● ASSIGNED TASK: Directions for the data below: repeat exactly the lines from the one with "Bei Nacht erkundeten" through the one with "朝日とともに霜が融け始めましたが、日陰の部分が白く残っていました。", both included, and omit all pictures.

Recorded data
..............................

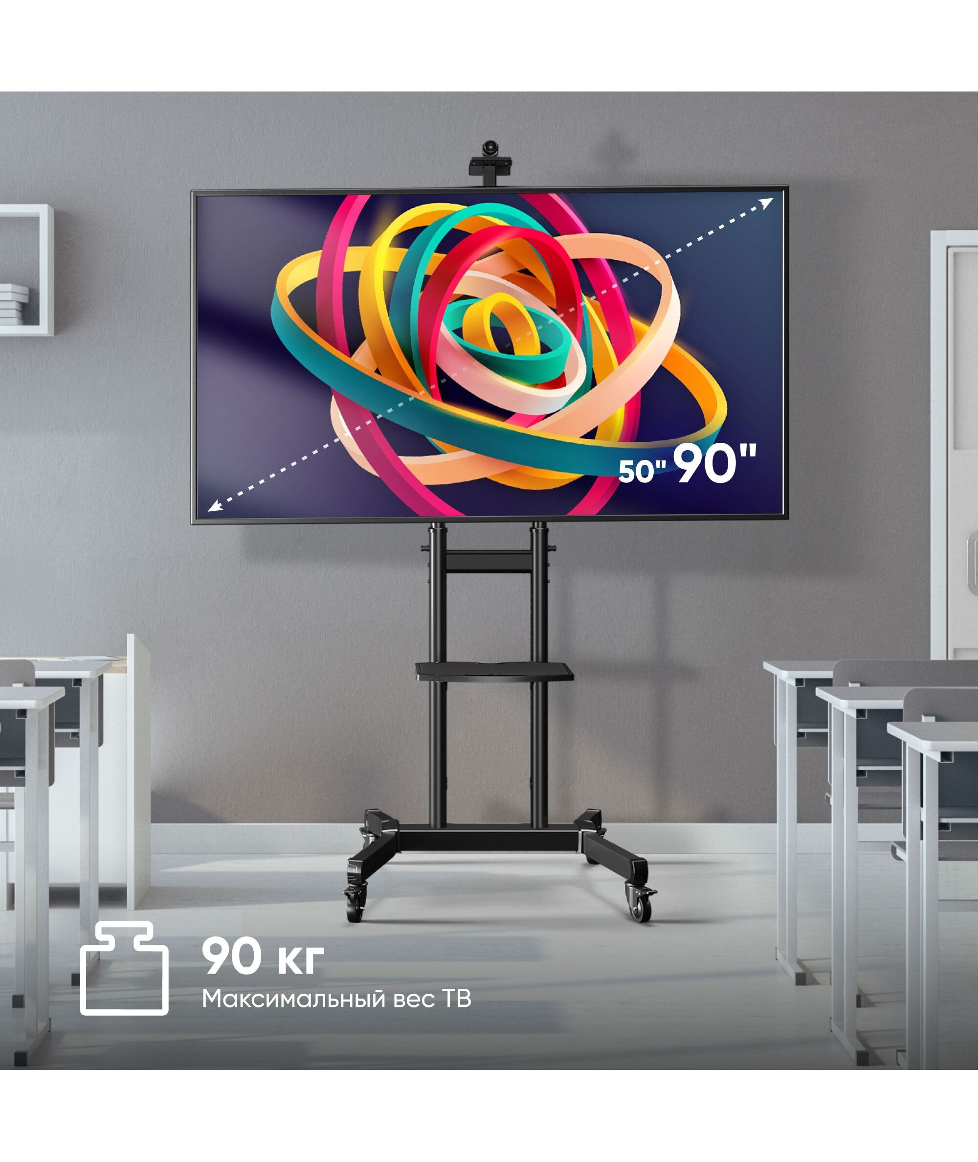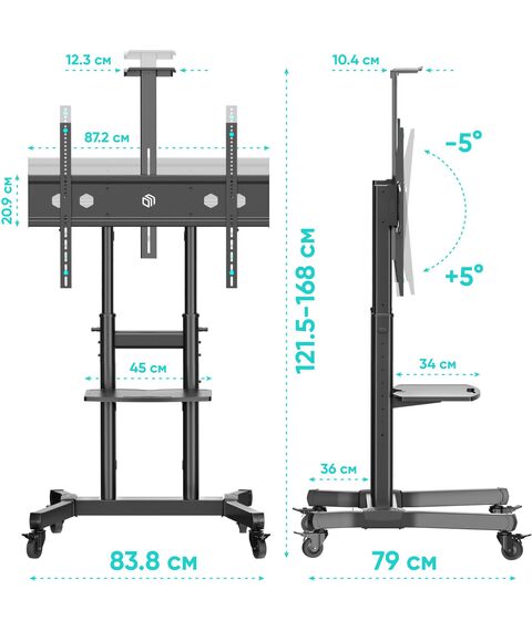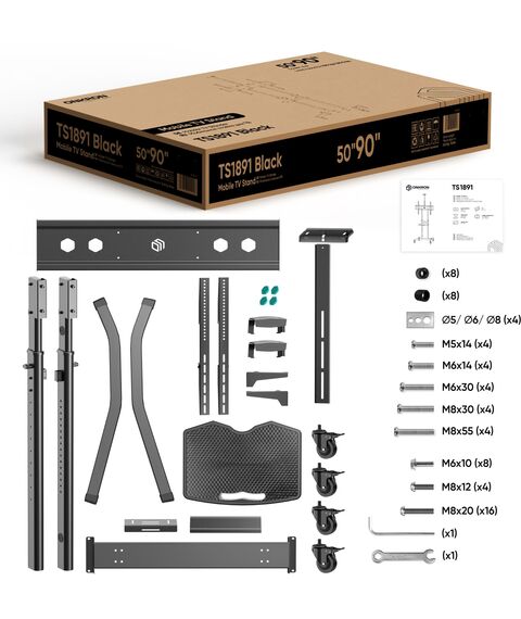 Стойка для телевизора ONKRON TS1891 черный 50"-90" макс.100кг напольный мобильный
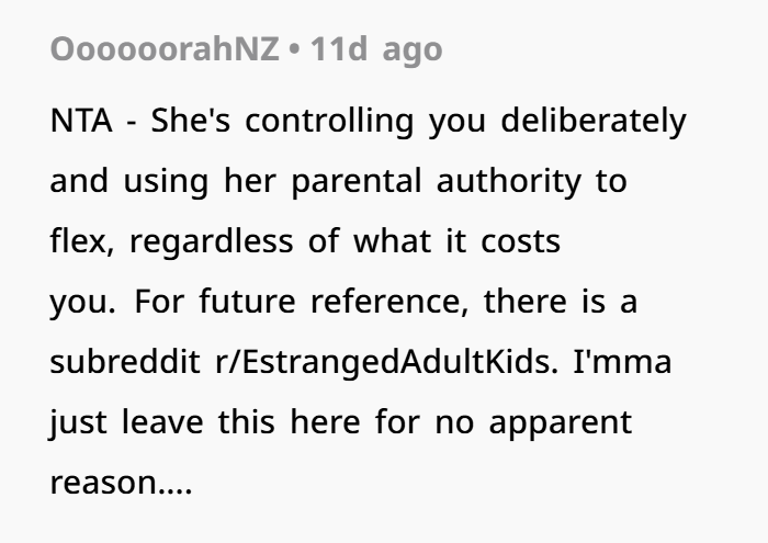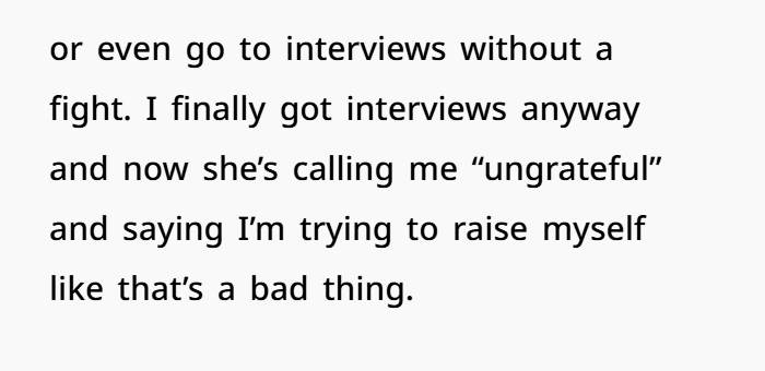 It’s even worse in this case because the mother is actively blocking her daughter’s way to independence. She was not given a work pass, was not helped in getting a driver’s license, and was not even allowed to go to job interviews, but she was told to “get a real job.” This is a harmful cycle that keeps happening. It’s a type of gatekeeping, where a parent keeps their child from getting to chances on purpose to stay in charge.
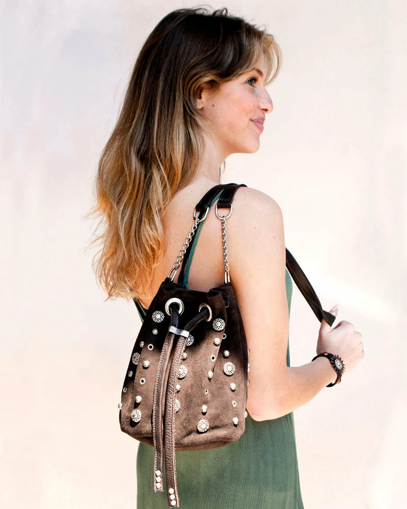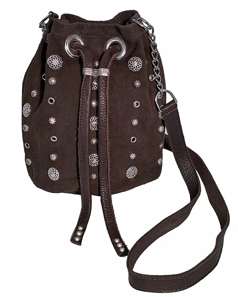 Chocolate Brown suede is dotted with metal stampings, studs, and grommets, topped with a drawstring closure.Â
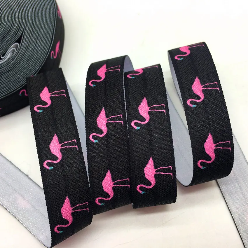 10 ярдов 5/8 "Розовый фламинго печать складки над эластичным черным врагом Ленточные аксессуары для одежды DIY головной убор эластичная лента
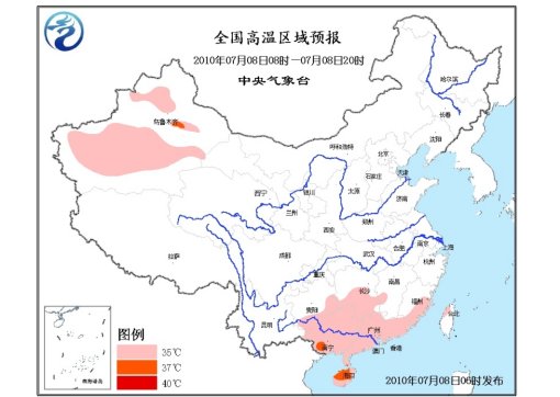 中新網(wǎng)7月8日電 中央氣象臺8日6時繼續(xù)發(fā)布高溫黃色預警,預計,今天白天,貴州南部的部分地區(qū)、湖南中南部、江西中部偏西地區(qū)、福建東部、廣東、廣西、海南、臺灣西北部等地有35~38℃的高溫天氣。
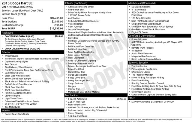 2015 Dodge Dart SE FWD 2.0L I4 DOHC Laser Blue Pearl Coat
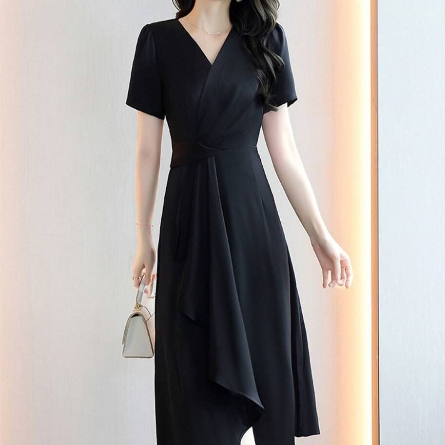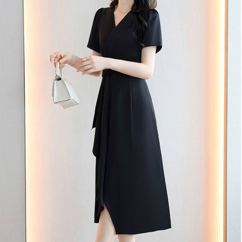 商品名:Vネック ワンピース レディース 上品 ミディ丈 ドレープデザイン フレアワンピース
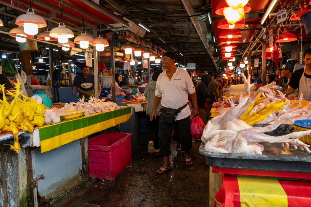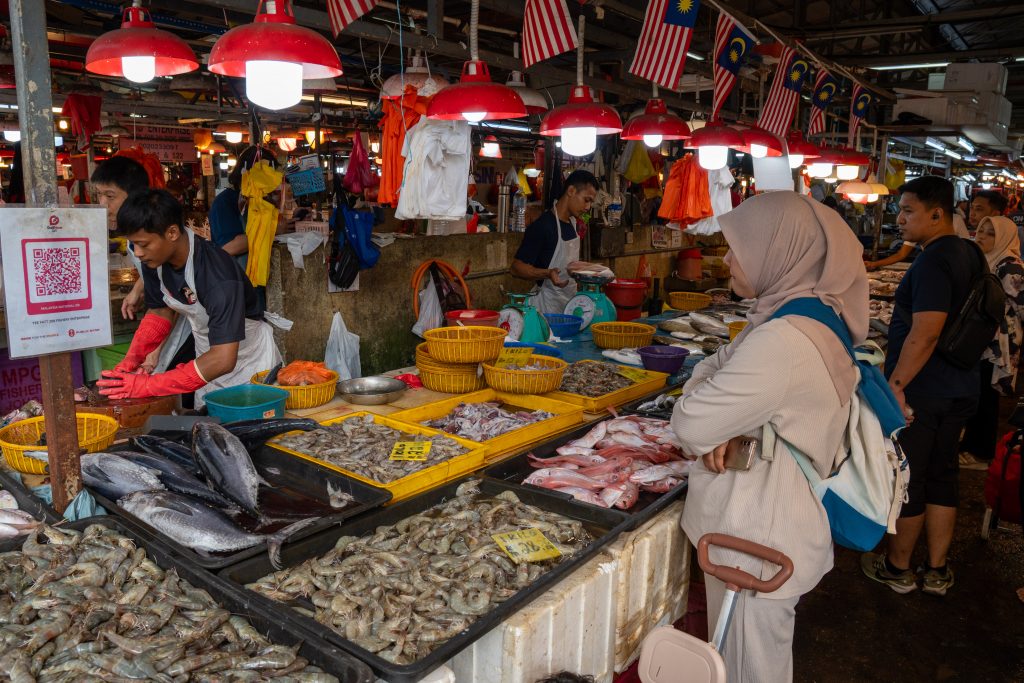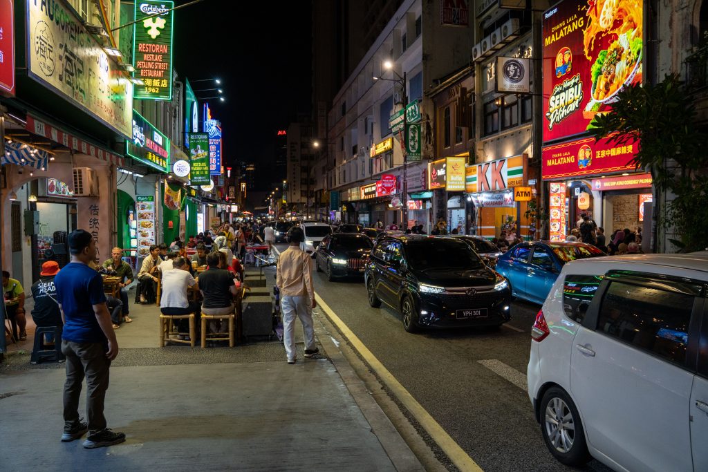 Bei Nacht erkundeten wir die Chinatown. In diesem Viertel leben wohl nicht nur Chinesen, sondern alle möglichen Ausländer, erzählte uns ein Taxifahrer. Er dagegen wohnt in einer Nachbarschaft, in die nur Einheimische ziehen dürfen. Viele Malaysier sind muslimisch. Doch in Chinatown spielt Religion kaum eine Rolle. Es gibt einige Bars und auf dem Grill liegt Schweinefleisch.
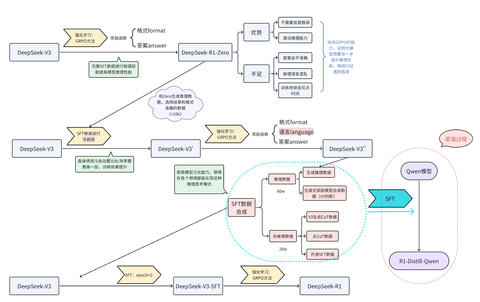 下面是论文里从DeepSeek-V3到DeepSeek-R1的流程图表示
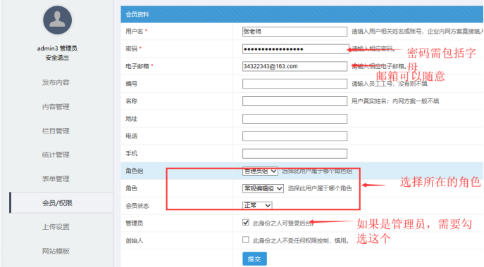 如果是管理員,需要進入后臺操作的權限,需要勾選那個此身份可以進入后臺。
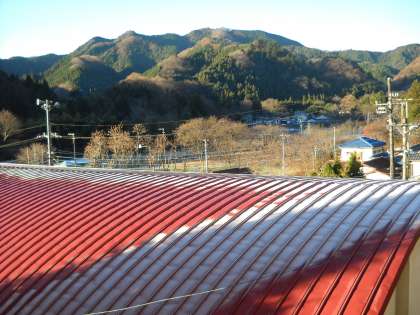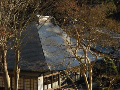 朝日とともに霜が融け始めましたが、日陰の部分が白く残っていました。
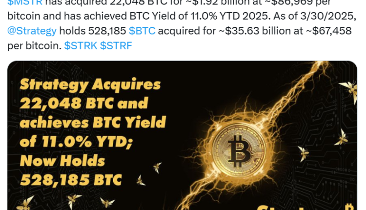 The company now holds over 528,000 Bitcoin acquired for $35.63 billion at an average price of $67,458 per BTC, announced Michael Saylor, the co-founder of Strategy, in a March 31 X post.
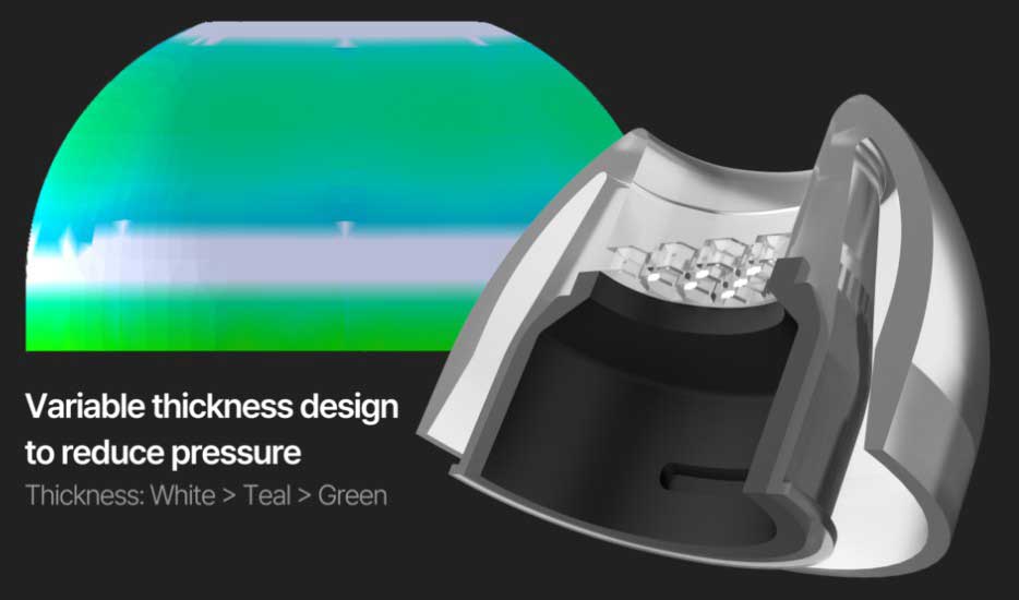 均一厚のイヤーピースと異なり、テーパード形状は挿入がスムーズになり、快適性と密閉性能の両方を高めます。可変厚設計では、傘部の外耳側の一部まで厚みを調整可能とし、耳内圧を低減しつつ、外部騒音の遮断性を高めます。
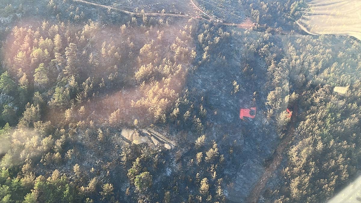Dün öğle saatlerinde başlayan yangın, yaklaşık 18 saat sonra kontrol altına alındı. Ekiplerin havadan ve karadan soğutma çalışmaları sürüyor. (DHA)
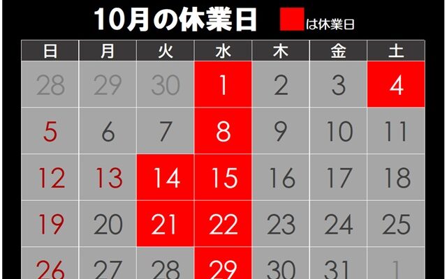 定休日の毎週水曜日、第2火曜日と 10月4日(土)と10月21日(火)を臨時休業いたします。
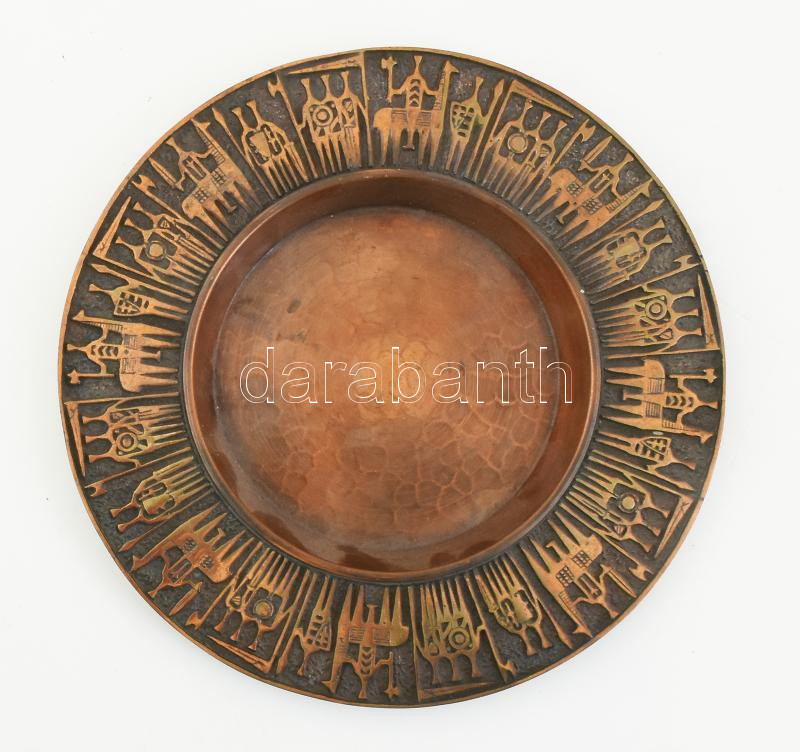 NL jelzéssel: Iparművész vörösréz tál figurális relieffel, hátoldalán ...
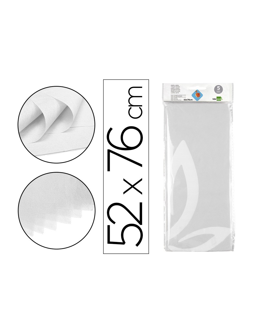 Gramaje: 18 g/m². Aplicación: manualidades, decoración, etc. Colores muy vivos e intensos. Cómoda presentación en bolsas de celofán. Medidas de la hoja: 52 x 76 cm. La bolsa de 5 unidades.

..............................

● YOUR SOLUTION:
 Bei Nacht erkundeten wir die Chinatown. In diesem Viertel leben wohl nicht nur Chinesen, sondern alle möglichen Ausländer, erzählte uns ein Taxifahrer. Er dagegen wohnt in einer Nachbarschaft, in die nur Einheimische ziehen dürfen. Viele Malaysier sind muslimisch. Doch in Chinatown spielt Religion kaum eine Rolle. Es gibt einige Bars und auf dem Grill liegt Schweinefleisch.
 下面是论文里从DeepSeek-V3到DeepSeek-R1的流程图表示
 如果是管理員,需要進入后臺操作的權限,需要勾選那個此身份可以進入后臺。
 朝日とともに霜が融け始めましたが、日陰の部分が白く残っていました。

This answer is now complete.